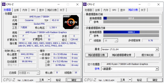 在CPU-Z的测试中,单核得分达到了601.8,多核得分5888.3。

==

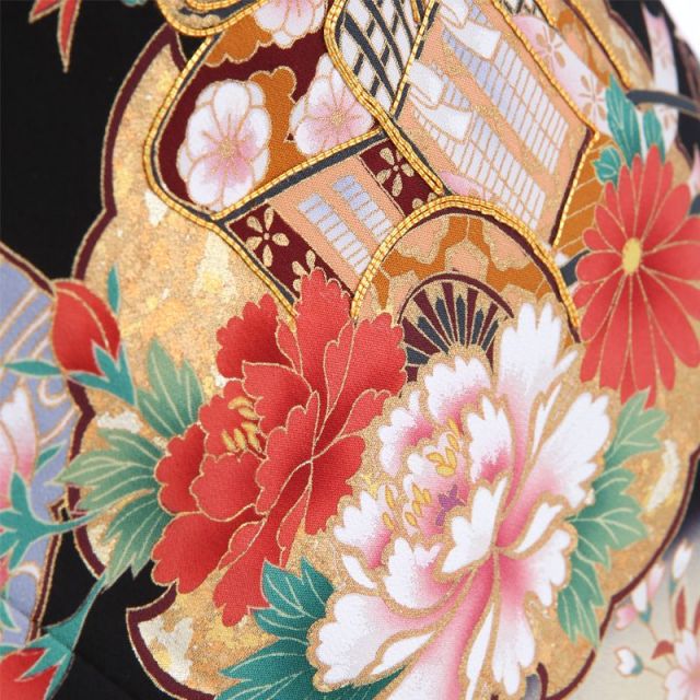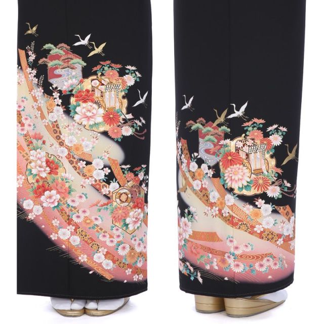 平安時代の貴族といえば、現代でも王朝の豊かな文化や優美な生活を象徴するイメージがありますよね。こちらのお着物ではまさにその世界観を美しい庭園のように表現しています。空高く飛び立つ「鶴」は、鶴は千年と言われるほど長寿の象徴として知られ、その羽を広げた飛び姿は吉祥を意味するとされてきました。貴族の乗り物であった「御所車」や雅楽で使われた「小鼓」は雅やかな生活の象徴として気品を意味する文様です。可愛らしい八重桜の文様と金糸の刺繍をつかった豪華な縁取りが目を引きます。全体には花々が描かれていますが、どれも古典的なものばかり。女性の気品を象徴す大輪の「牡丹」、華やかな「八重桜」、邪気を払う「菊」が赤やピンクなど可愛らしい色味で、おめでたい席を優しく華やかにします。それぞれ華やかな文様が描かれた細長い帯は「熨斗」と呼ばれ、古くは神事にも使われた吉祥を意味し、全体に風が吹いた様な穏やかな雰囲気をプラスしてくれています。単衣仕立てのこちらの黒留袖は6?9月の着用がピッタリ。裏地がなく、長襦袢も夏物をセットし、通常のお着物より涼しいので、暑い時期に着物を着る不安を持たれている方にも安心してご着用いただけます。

* * *

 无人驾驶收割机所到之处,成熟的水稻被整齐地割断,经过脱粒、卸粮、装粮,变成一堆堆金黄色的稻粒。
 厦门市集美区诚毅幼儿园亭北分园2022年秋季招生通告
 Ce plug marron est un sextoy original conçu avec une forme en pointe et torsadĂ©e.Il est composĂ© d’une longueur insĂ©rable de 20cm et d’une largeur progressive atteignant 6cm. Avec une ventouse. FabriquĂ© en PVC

#### WHAT TO PRODUCE
The lines above from the one with "厦门市集美区诚毅幼儿园亭北分园2022年秋季招生通告" through the one with "Ce plug marron" are to be duplicated exactly, ends included, with nothing added.

#### EXERCISE ANSWER
 厦门市集美区诚毅幼儿园亭北分园2022年秋季招生通告
 Ce plug marron est un sextoy original conçu avec une forme en pointe et torsadĂ©e.Il est composĂ© d’une longueur insĂ©rable de 20cm et d’une largeur progressive atteignant 6cm. Avec une ventouse. FabriquĂ© en PVC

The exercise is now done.